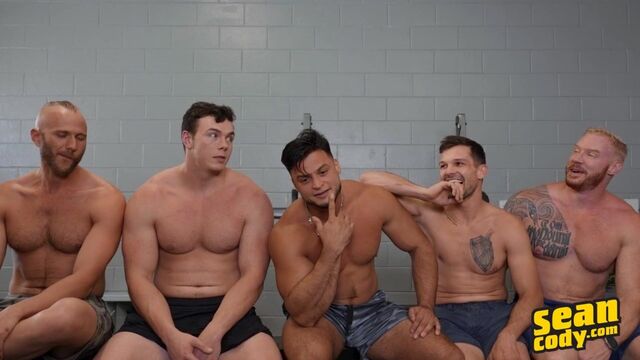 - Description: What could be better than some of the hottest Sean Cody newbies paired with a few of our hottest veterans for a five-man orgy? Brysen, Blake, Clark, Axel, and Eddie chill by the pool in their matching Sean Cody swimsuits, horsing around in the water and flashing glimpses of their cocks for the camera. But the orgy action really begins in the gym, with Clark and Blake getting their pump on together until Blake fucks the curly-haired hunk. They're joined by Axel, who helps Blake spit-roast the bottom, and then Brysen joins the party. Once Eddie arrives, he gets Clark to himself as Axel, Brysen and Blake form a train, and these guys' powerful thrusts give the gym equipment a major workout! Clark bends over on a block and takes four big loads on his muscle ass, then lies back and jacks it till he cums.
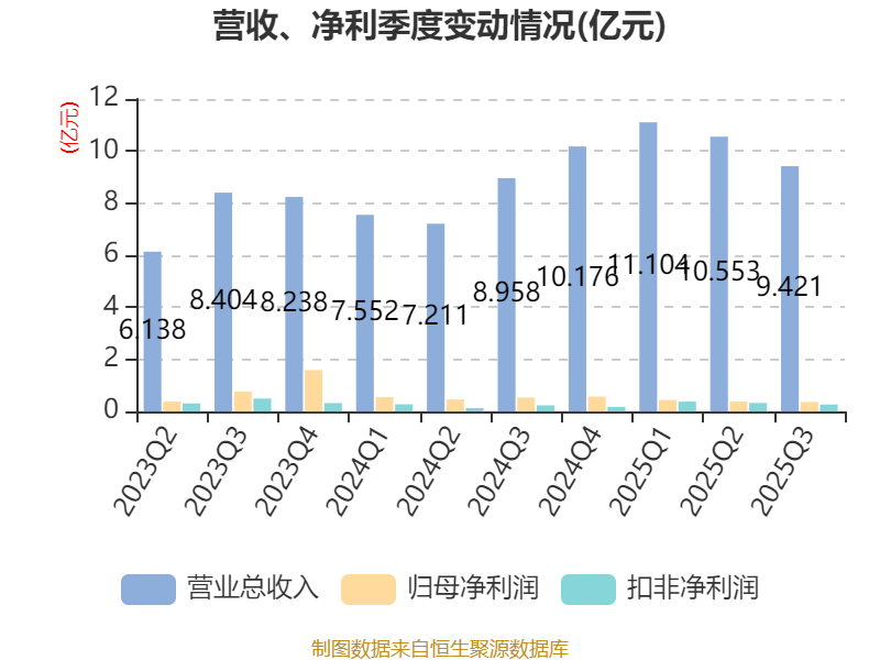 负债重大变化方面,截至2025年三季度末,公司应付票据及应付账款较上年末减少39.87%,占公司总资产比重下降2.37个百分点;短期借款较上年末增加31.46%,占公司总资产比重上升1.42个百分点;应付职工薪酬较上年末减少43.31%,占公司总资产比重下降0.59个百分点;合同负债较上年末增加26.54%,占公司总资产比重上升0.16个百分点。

==

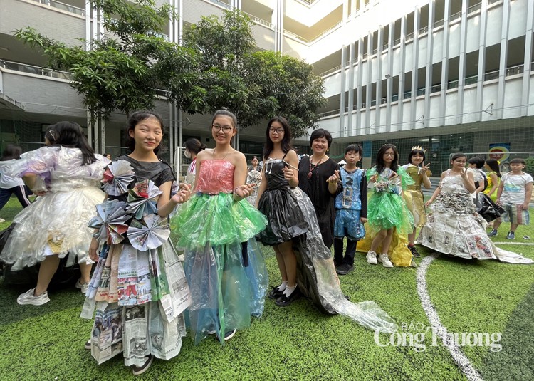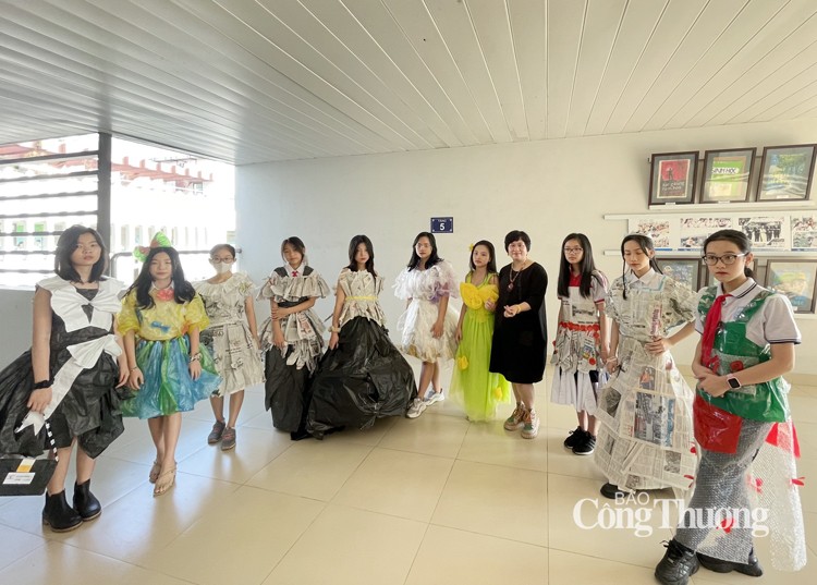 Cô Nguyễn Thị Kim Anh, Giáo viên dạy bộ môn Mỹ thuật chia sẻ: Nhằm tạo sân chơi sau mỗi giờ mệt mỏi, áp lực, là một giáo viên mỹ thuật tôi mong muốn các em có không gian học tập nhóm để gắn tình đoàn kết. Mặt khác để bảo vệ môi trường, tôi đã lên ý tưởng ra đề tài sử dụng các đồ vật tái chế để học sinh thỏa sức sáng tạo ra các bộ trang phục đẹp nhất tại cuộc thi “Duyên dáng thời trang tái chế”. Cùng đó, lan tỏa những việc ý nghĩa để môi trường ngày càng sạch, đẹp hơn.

**ACTIVITY**
In the records above, find the line with "- Description: What" and the line with "负债重大变化方面,截至202", then restate word for word only those two lines and all lines between, omitting pictures.

**RESPONSE TO THIS EXERCISE**
 - Description: What could be better than some of the hottest Sean Cody newbies paired with a few of our hottest veterans for a five-man orgy? Brysen, Blake, Clark, Axel, and Eddie chill by the pool in their matching Sean Cody swimsuits, horsing around in the water and flashing glimpses of their cocks for the camera. But the orgy action really begins in the gym, with Clark and Blake getting their pump on together until Blake fucks the curly-haired hunk. They're joined by Axel, who helps Blake spit-roast the bottom, and then Brysen joins the party. Once Eddie arrives, he gets Clark to himself as Axel, Brysen and Blake form a train, and these guys' powerful thrusts give the gym equipment a major workout! Clark bends over on a block and takes four big loads on his muscle ass, then lies back and jacks it till he cums.
 负债重大变化方面,截至2025年三季度末,公司应付票据及应付账款较上年末减少39.87%,占公司总资产比重下降2.37个百分点;短期借款较上年末增加31.46%,占公司总资产比重上升1.42个百分点;应付职工薪酬较上年末减少43.31%,占公司总资产比重下降0.59个百分点;合同负债较上年末增加26.54%,占公司总资产比重上升0.16个百分点。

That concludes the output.